Keeping a close eye on your finances and credit are the best way to steer clear of losses due to fraud and identity theft. This means reviewing with great care your credit card bills and the listed transactions. It means watching your bank accounts for withdrawals that seem suspicious, even if they are small.
It is also a good idea to check your credit rating with each of the credit rating agencies: Equifax, Experian and TransUnion. This can be done for free once a year through www.annualcreditreport.com. The best thing to do is check with one different company every four months, thus producing three reports per year for free.
Here is what to look out for on your credit report: Credit inquiries you did not initiate by opening a credit card or applying for a loan; accounts you did not open; unexplained debts; and changes in personal information — such as the addition of “Jr.” after your name — that don’t make sense.
If you have become a victim of fraud or identity theft, call the police and your financial institutions immediately. A bank or credit card company can put a hold on your accounts or close them to prevent further loss.

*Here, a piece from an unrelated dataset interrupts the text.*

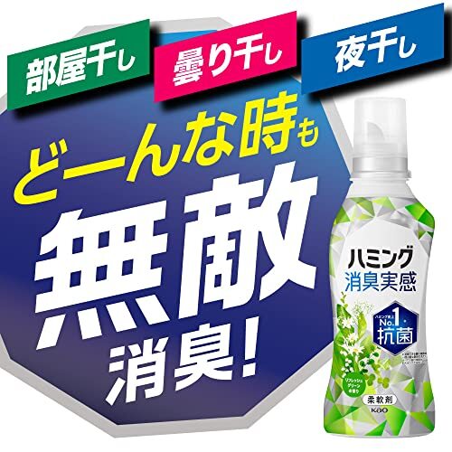 | 商品名 | ハミング消臭実感 柔軟剤 部屋干し/曇り干し/夜干しどーんな時も無敵消臭! リフレッシュグリーンの香り |

A police report is vital. After my identity was stolen, the Vermont State Police provided me with a complete report and, most importantly, a police report number. This number is key in reporting fraud and theft and protecting yourself from being held responsible for a criminal’s action. The police are also well-informed in the steps you should take after reporting the problem.
Finally, it is a good idea to block access to your credit rating at the three companies listed above for at least 90 days. With a police report number, this can be done for free and extended to seven years. After my identity was stolen, I chose to freeze my credit at all three agencies and lift that freeze temporarily when needed.
Mary Conlon is a certified Professional Daily Money Manager based in Cornwall.